Five evaluable systemic treatment naïve EGFR-positive SCCHN patients, 3 PR and 1 SD were observed, and the ORR and DCR were 60% (95%CI:14.7, 94.7) and 80% (95%CI:28.4, 99.5), respectively. The duration of response (the DOR) and the progression-free survival (the PFS) in the study were immature. The longest patient treated has had a DOR for more than 17 months and it is still ongoing.

Grade 3-4 common treatment-related adverse events (the TRAEs) occurred in 4 patients, primarily consisting of decreased white blood cell count (9%) and hypokalemia (6%). The Phase I/II study patients treated with HX008 in combination with MRG003 demonstrated good tolerability and encouraging antitumor activity in NPC and SCCHN, especially in PD-1 treatment failed NPC patients. The Phase II study is currently ongoing.

C. One Poster Session: Results and exploratory biomarker analyses of a phase II study CHANGEABLE: combination of HX008 and Niraparib in germ-line-mutated metastatic breast cancer: The combination of niraparib and PD-1 inhibitor HX008 has demonstrated promising antitumor activity with tolerable safety profile in metastatic breast cancer (the MBC) patients with germline BRCA1/2 mutations, even in patients with brain metastases. As of January 12, 2024, 37 patients were enrolled and received the study regimen.
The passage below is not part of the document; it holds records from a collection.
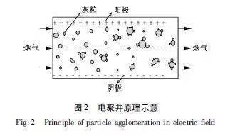 電聚并是各聚并技術(shù)中好實用有效的方法。電聚并是通過細顆粒荷電,促使細顆粒相互吸引、碰撞、聚并,使細顆粒團聚成大顆粒。電聚并的效果取決于粒子的濃度、粒徑、電荷的分布以及外電場的強弱(圖2)。
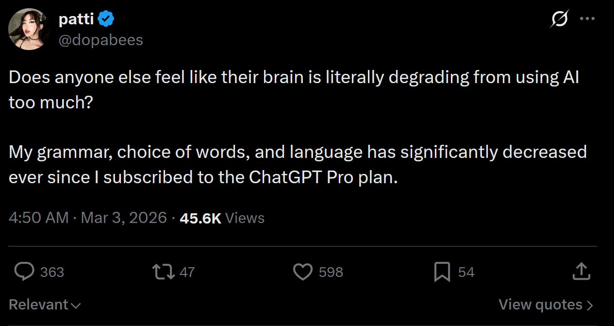 A recent post on X gained considerable traction. User @dopabees described experiencing cognitive decline since subscribing to ChatGPT Pro - deteriorating grammar, difficulty reading paragraphs aloud, an inability to enjoy strategy games that previously engaged her, and a growing sense that her own writing had become infantile compared to GPT output. Tens of thousands of views, widespread resonance. The implicit thesis: AI degrades cognition.
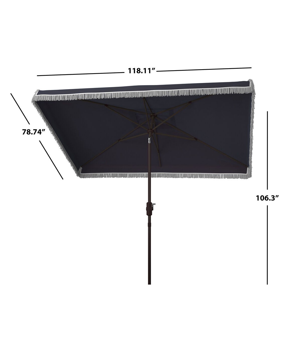 Safavieh 6.5' x 10' Navy Milan Fringe Rectangle Crank Patio Umbrella
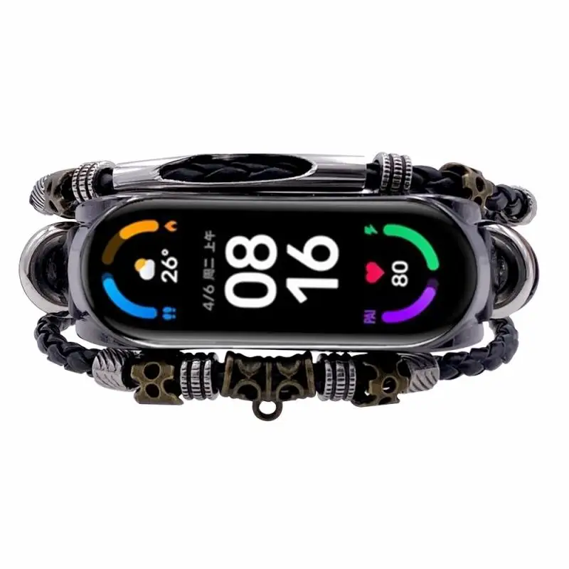 Ремешок ручной работы для Mi Band 5 6, сменный Браслет с металлической рамой для наручных часов Mi Band 5 6, Плетеный веревочный браслет
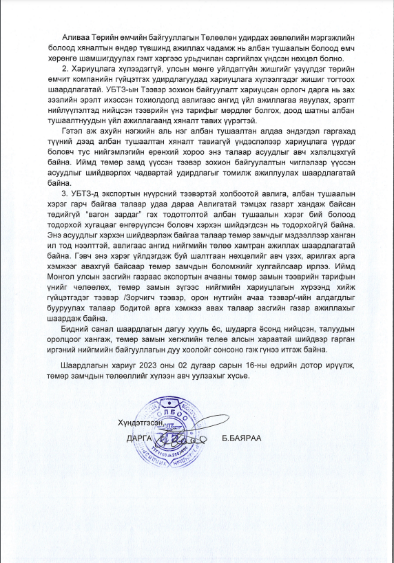 Мөн экспортын ачааны төмөр замын тээврийн тарифын үнийг чөлөөлөх, тээвэр алдагдалтыг бууруулах тал дээр бодитой арга хэмжээ авахыг тус тус шаардсан байна. Шаардлагын хариуг хоёрдугаар сарын 16-ны дотор ирүүлэхийг хүсжээ.
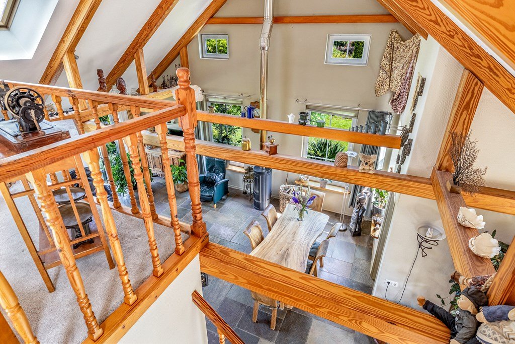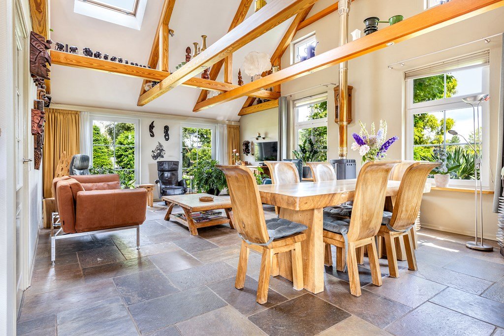 Op de begane grond vinden we o.a. een zeer ruime woonkamer met vide en een plafond tot in de nok. Er zijn veel ramen, waardoor er veel lichtinval is. De woonkamer met openslaande deuren naar het terras, kijkt uit op de prachtige tuin, heeft een leistenen tegelvloer met vloerverwarming en een houtkachel. Hier is ook de trap naar de vide en de toegang naar de kelder.
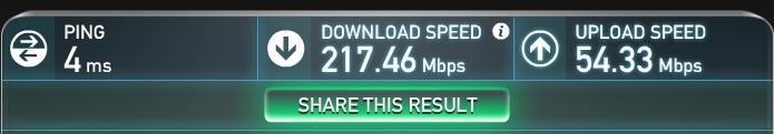 Maglód, Jókai utca: 2 perce jött az SMS a Digitől, hogy a Topnet sebesség megemelve, és tényleg: 220/50-et mértem az eddigi 80/25 helyett. Persze csak direktben, érik a router-csere...

In the main research cohort with BRCA1/2 mutations (n = 28), the ORR was 78.6% (22/28) and the DCR was 96.4%, with 3 patients having CR.

The median PFS was 7.3 months (95%CI 4.2 to 10.4). The combination of niraparib and HX008 demonstrated maintained clinical benefit with no new safety signals in MBC patients with germline BRCA1/2 mutations. Warning: There is no assurance that MRG003 and MRG004A will ultimately be successfully developed and marketed by the Company.

Shareholders and potential investors of the Company are advised to exercise caution when dealing in the shares of the Company.